===== Supplied entries
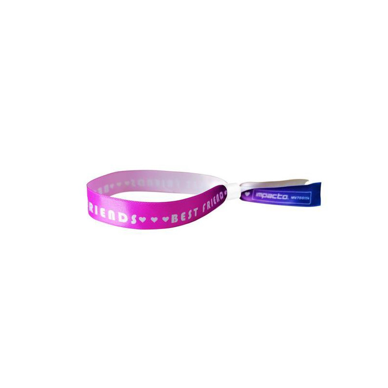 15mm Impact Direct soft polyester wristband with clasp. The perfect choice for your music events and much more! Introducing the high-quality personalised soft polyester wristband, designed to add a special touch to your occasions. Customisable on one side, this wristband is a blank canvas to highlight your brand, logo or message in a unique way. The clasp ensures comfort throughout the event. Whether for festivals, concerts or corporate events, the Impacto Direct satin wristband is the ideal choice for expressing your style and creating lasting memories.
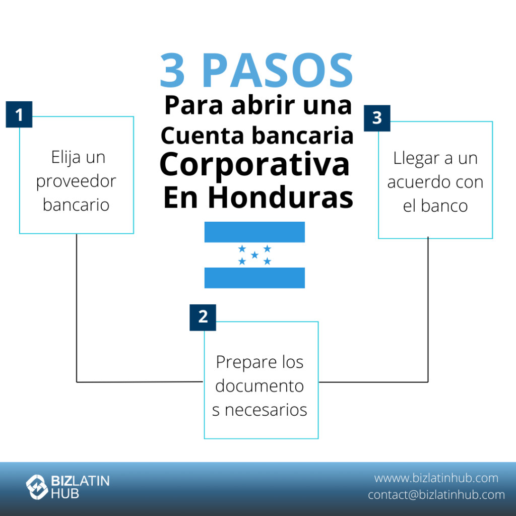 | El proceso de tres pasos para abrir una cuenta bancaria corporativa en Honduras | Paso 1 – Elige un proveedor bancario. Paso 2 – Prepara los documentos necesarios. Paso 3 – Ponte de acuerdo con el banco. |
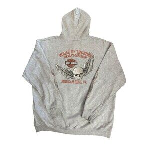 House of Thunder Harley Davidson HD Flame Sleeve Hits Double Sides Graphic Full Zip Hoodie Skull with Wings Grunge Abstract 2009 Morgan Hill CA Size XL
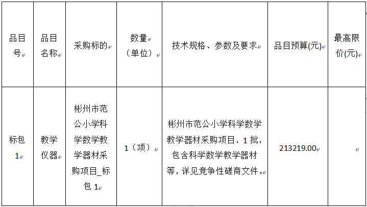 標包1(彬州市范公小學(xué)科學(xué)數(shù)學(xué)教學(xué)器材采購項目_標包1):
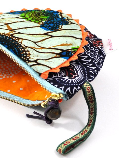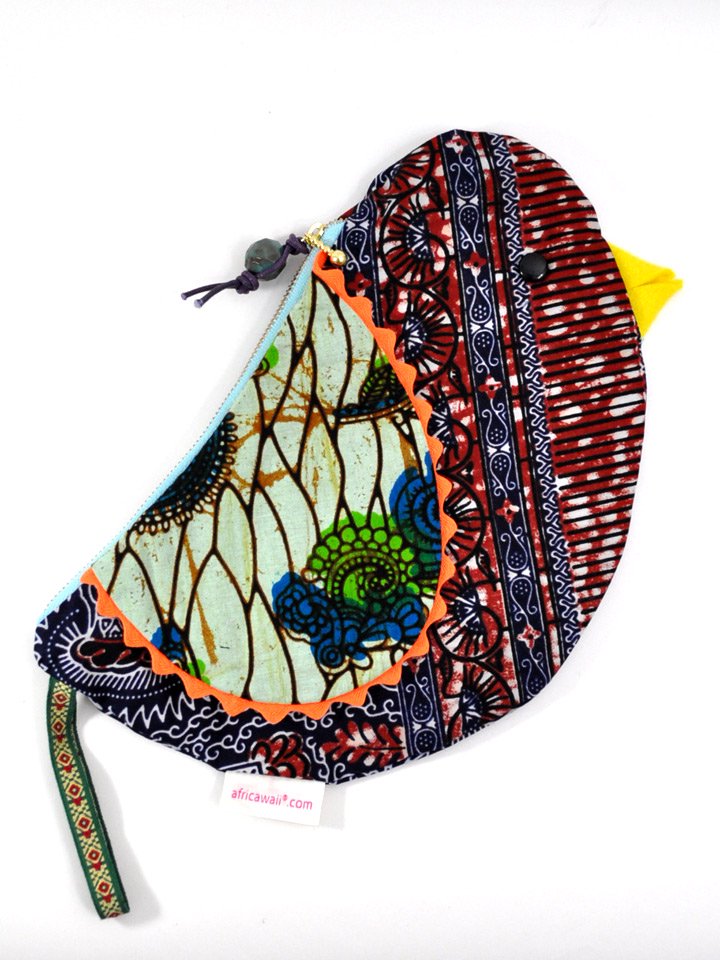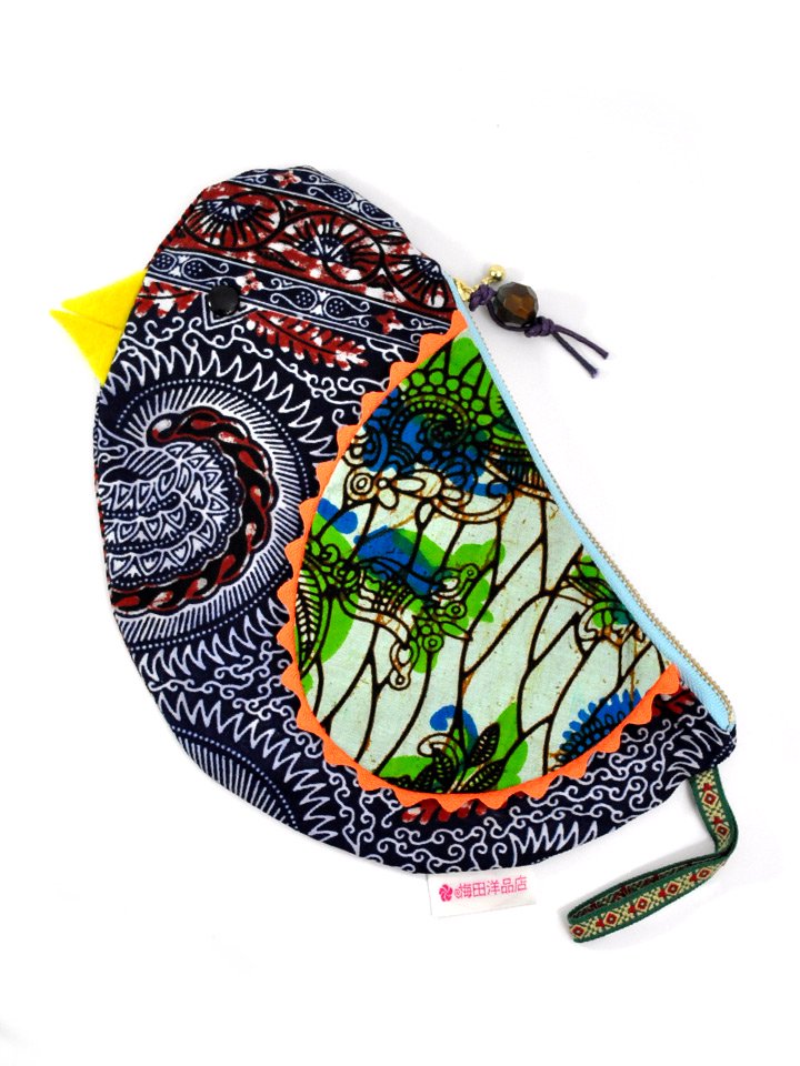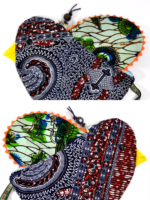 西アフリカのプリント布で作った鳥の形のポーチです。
==========
◆ Instructions to follow ◆
Every line of the data should be transcribed exactly. Omit the images.

◆ Exercise result ◆
 15mm Impact Direct soft polyester wristband with clasp. The perfect choice for your music events and much more! Introducing the high-quality personalised soft polyester wristband, designed to add a special touch to your occasions. Customisable on one side, this wristband is a blank canvas to highlight your brand, logo or message in a unique way. The clasp ensures comfort throughout the event. Whether for festivals, concerts or corporate events, the Impacto Direct satin wristband is the ideal choice for expressing your style and creating lasting memories.
 | El proceso de tres pasos para abrir una cuenta bancaria corporativa en Honduras | Paso 1 – Elige un proveedor bancario. Paso 2 – Prepara los documentos necesarios. Paso 3 – Ponte de acuerdo con el banco. |
 House of Thunder Harley Davidson HD Flame Sleeve Hits Double Sides Graphic Full Zip Hoodie Skull with Wings Grunge Abstract 2009 Morgan Hill CA Size XL
 標包1(彬州市范公小學(xué)科學(xué)數(shù)學(xué)教學(xué)器材采購項目_標包1):
 西アフリカのプリント布で作った鳥の形のポーチです。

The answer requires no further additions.